A general-purpose houseplant liquid at half strength — UK: Baby Bio, Westland Houseplant Feed or Phostrogen; US: Miracle-Gro Indoor Plant Food or Schultz. Convenient and fast-acting; the only risk is overdoing it.

Brand names are examples, not endorsements, and UK and US ranges differ — check the label’s own NPK and dilution rate, since formulations change.

Fertilising quaking grass — frequently asked questions

What fertiliser does quaking grass need?

A balanced general houseplant feed (roughly even N-P-K) is exactly right — it is grown for foliage, so steady, moderate nitrogen for healthy leaves is the goal, not a bloom or root formula. Quaking Grass is an easy, light foliage feeder — a half-strength balanced liquid feed through the growing months keeps it green without forcing weak, sappy growth.

How often should I feed quaking grass?

Needs no feeding and actually prefers lean soil; fertiliser produces lax, floppy growth and fewer of the prized dancing seedheads. Skip feeding entirely in average ground. Needs no feeding and actually prefers lean soil; fertiliser produces lax, floppy growth and fewer of the prized dancing seedheads. Skip feeding entirely in average ground. Treat that as sparingly through the growing season between spring through early autumn (roughly March to September); ease off in autumn and stop entirely in the low light of winter.

What strength of feed for quaking grass?

Half strength is the safe default for quaking grass — houseplant feeds are formulated strong, and the diluted dose is gentler on the roots while still ample for foliage.

What does over-feeding quaking grass look like?

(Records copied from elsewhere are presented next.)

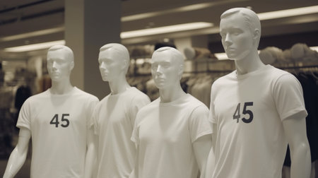 Rows of white green and blue shirts hang on metal racks with black hangers in a brightly lit industrial setting. The shirts are neatly arranged in parallel lines extending into the distance. The background shows a clean, modern factory or warehouse environment with overhead lighting and some machinery visible.
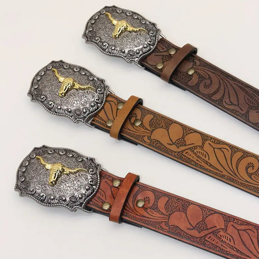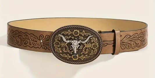 Embossed Bull Head Buckle, - Versatile Casual Wear for Jeans & Dresses, Premium Faux Leather Western Belt
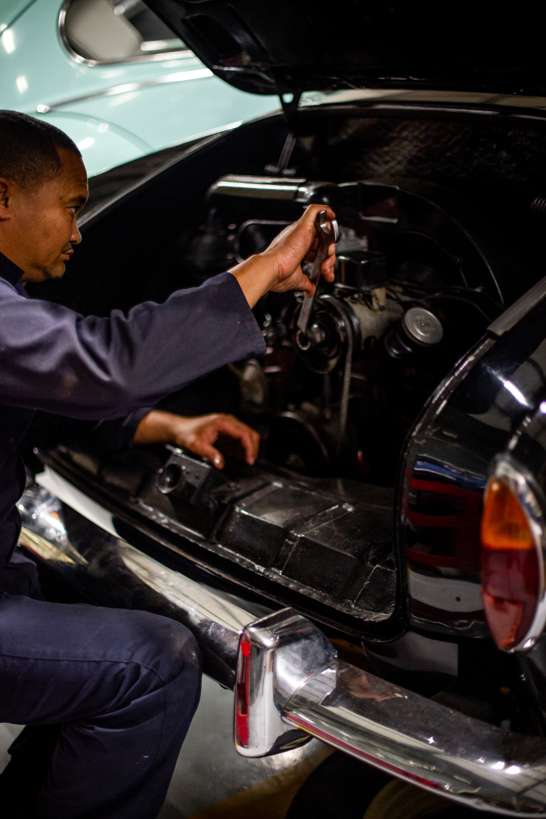 The 1959 Karmann Ghia was also not known to have run for some time and had some chrome trim missing. Donnie Tarentaal set about getting the base timing and carburettor settings on point. Then the brakes were attended to. After some discussion, it was determined that a simple hone of the wheel and master cylinders along with new cup washers would suffice in this case. Michael van Graan helped out with fabricating and polishing some trim to replace the missing items. A test drive ensured that the sleekest design amongst the museum’s VWs was ready for action.

Brown, crispy leaf tips and edges with no sign of underwatering. A white, crusty salt deposit on the soil surface or pot rim. Weak, pale, stretched new growth that flops. Lower leaves yellow and drop while the soil is correctly watered. Feeding quaking grass year-round on a fixed schedule, including dark winter months, is the most common mistake — it cannot use the nutrients in low light and the surplus simply burns the roots and crusts the soil.

Should I flush the soil of quaking grass?

Flush the pot of quaking grass with plain water until it runs freely from the base every couple of months in the feeding season — it washes out the fertiliser salts that cause brown tips.